La cosa empezaba a mejorar, el camino no se terminaba, la caja no se caía, pero… aparecieron las pendientes, malditas pendientes que debía atravesar con una bici de tan sólo seis cambios (un solo plato y seis piñones). Pedaleé duro, como cuando hice los Siete Lagos, pero con una pendiente que no era más empinada que la del Parque Lezama. Cansado llegué a la ruta que conducía a Smolenska, lo bueno era que las pendientes habían desaparecido, la felicidad volvió a resplandecer en el camino hasta que después de haber pedaleado unos pocos kilómetros desapareció la banquina, los camiones abundaban y no bastaba circular por la línea blanca para evitar el atropello. Antes de que me pasen por encima decidí frenar y regresar hacia atrás, al lugar donde había banquina, me puse a buscar otra ruta en el mapa y había una a 10 kilómetros de ahí atravesando unos caminos internos. No sabía si la nueva ruta iba a tener o no banquina, pero me mandé igual, atravesé calles extrañas y llenas de pozos para conectar una ruta con otra y los monoblocks soviéticos eran el único paisaje, bloques de piedra que tapaban a un sol naranja que comenzaba a esconderse a eso de las 9 de la noche, pero con la suerte de que en el verano ruso el atardecer es paulatino y dura hasta las 11.


Como por arte de magia llegué a la otra ruta, que sí tenía una banquina aunque bastante pequeña, lo que sí, a unos 2 metros de la ruta había un camino peatonal que me resultó mucho más cómodo para poder pedalear sin tener que estar atento al tránsito. No sabía a donde iba a dormir esa noche, quizás en las mesas de una estación de servicio o directamente no iba a dormir.

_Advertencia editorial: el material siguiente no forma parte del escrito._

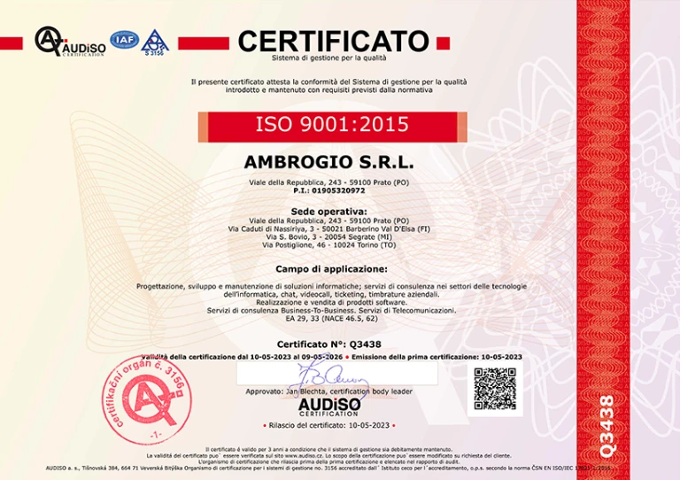 L’obiettivo principale dell’azienda è superare le aspettative dei clienti, e la certificazione ISO 9001 dimostra l’impegno nel seguire gli standard di gestione della qualità più elevati, offrendo servizi di prima classe e un processo di innovazione continua.

Finalmente llegué a un centro comercial donde pude sentarme en las mesas de un McDonalds y chquear donde podía llegar a pasar la noche, estaba muy cansado y realmente no quería dormir sobre una mesa, empecé a buscar en internet y encontré un hostel a 2 kilómetros regresando por la ruta en la que vine. Allí me dirigí, costó encontrarlo pero finalmente llegué. Como era de esperar, los de la recepción no hablaban otro idioma que no fuera ruso, una chica que estaba parando ahí sabía un poco de inglés y me vino a ayudar, pero esa traducción sólo sirvió para decirme que en el hotel no aceptaban a extranjeros, algo que me había sucedido varias veces en China y que esta vez comenzaba a pasarme en Rusia. Insistí y rogué, pero nada, me terminaron mandando a otro hostel que me marcaron en el mapa, estaba a 3 kilómetros regresando por la misma ruta, o sea que en total iba a perder 5 de los kilómetros recorridos. Este hostel estaba a unas 10 cuadras de la ruta, en un barrio todo obscuro con calles poco asfaltadas y el ladrido de los perros era la música de fondo. La calle por la que me mandaba el mapa se terminó, otra vez lo mismo, volví a putear, como hice en la tarde y retome por otro lado, lo hice caminando, ya no quería pedalear más… a lo lejos vi una casa con luces violetas en las paredes, aparentaba ser un prostíbulo más que un hostel, pero mientras hubiese una cama para dormir me conformaba.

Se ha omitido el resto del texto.